Мать объяснила ей, что масляные краски полагается смешивать на палитре. Художница стала набрасывать углем силуэт вдовствующей императрицы. Цыси некоторое время сидела тихо, но потом потребовала показать ей работу. Увидев нечто сумбурное, она встревожилась:
— Неужели я так ужасно выгляжу?!».
Затем Цыси спросила мать фрейлины, «сколько дней и как вообще пишется портрет. Та объяснила, что у иностранцев на это иногда уходят месяцы и что нужно позировать перед мольбертом.
— А нельзя ли посадить кого-нибудь вместо меня?— нахмурилась старуха.
— Когда рисуется одежда, то можно, но ваше лицо никто не заменит,— ответила моя мать».
Цыси усмехнулась, довольная лестью, однако впоследствии, если сеанс затягивался, «начинала слегка нервничать и приказывала фрейлинам по очереди восседать на троне в ее одежде. Сама старуха, памятуя слова моей матери, соглашалась позировать преимущественно для изображения лица, но и в этих случаях иногда требовала заменить ее, поэтому на обоих портретах государыня вышла очень молодой и была чрезвычайно довольна этим».

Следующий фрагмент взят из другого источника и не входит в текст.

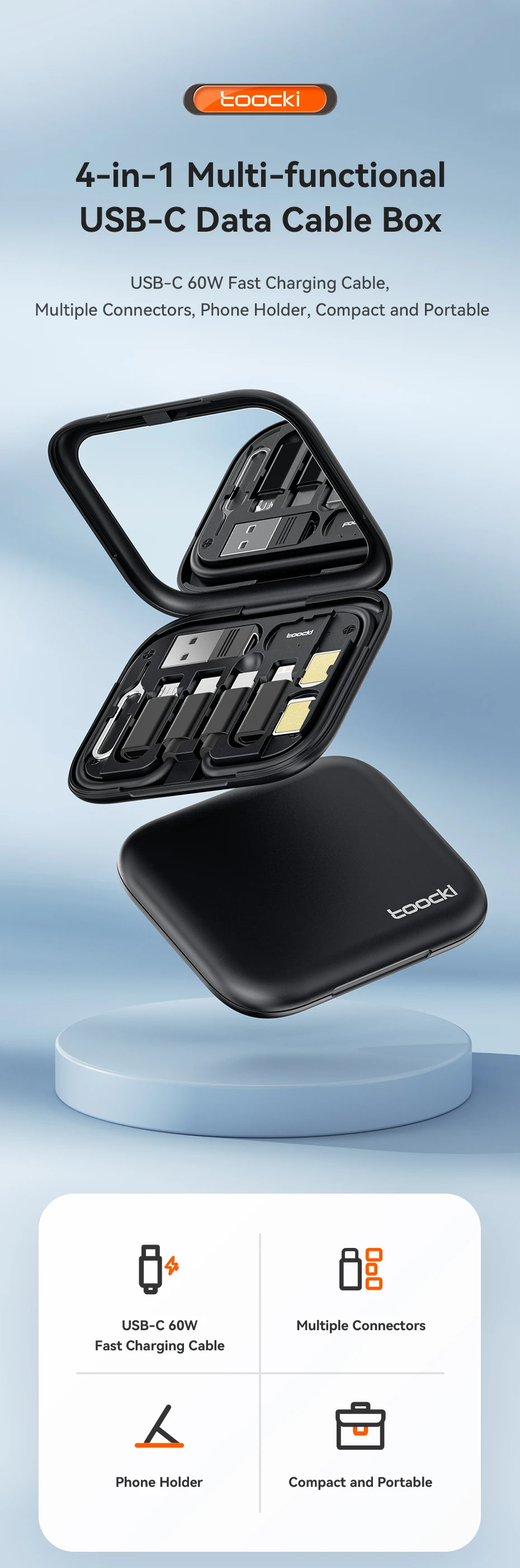[4-in-1 Multi-functional ] USB-C Data Cable Box, USB C 60W Fast Charging Cable, Multiple Connectors, Phone Holder, Compact and Portable

Следует пояснить, что Карл написала два портрета Цыси: один остался во дворце, а другой послали на выставку в американский город Сент-Луис. Диковинный портрет пользовался на этой выставке шумным успехом. Затем он попал в Вашингтонское хранилище памятников искусства, а в 1966 году был подарен Государственному историческому музею на Тайване — «для укрепления американо-китайских культурных связей». Интересно, что даже некоторые буржуазные авторы увидели в этом насмешку со стороны американцев: намек на то, что тайваньские правители недалеко ушли от жестокой императрицы. Но только ли тайваньские?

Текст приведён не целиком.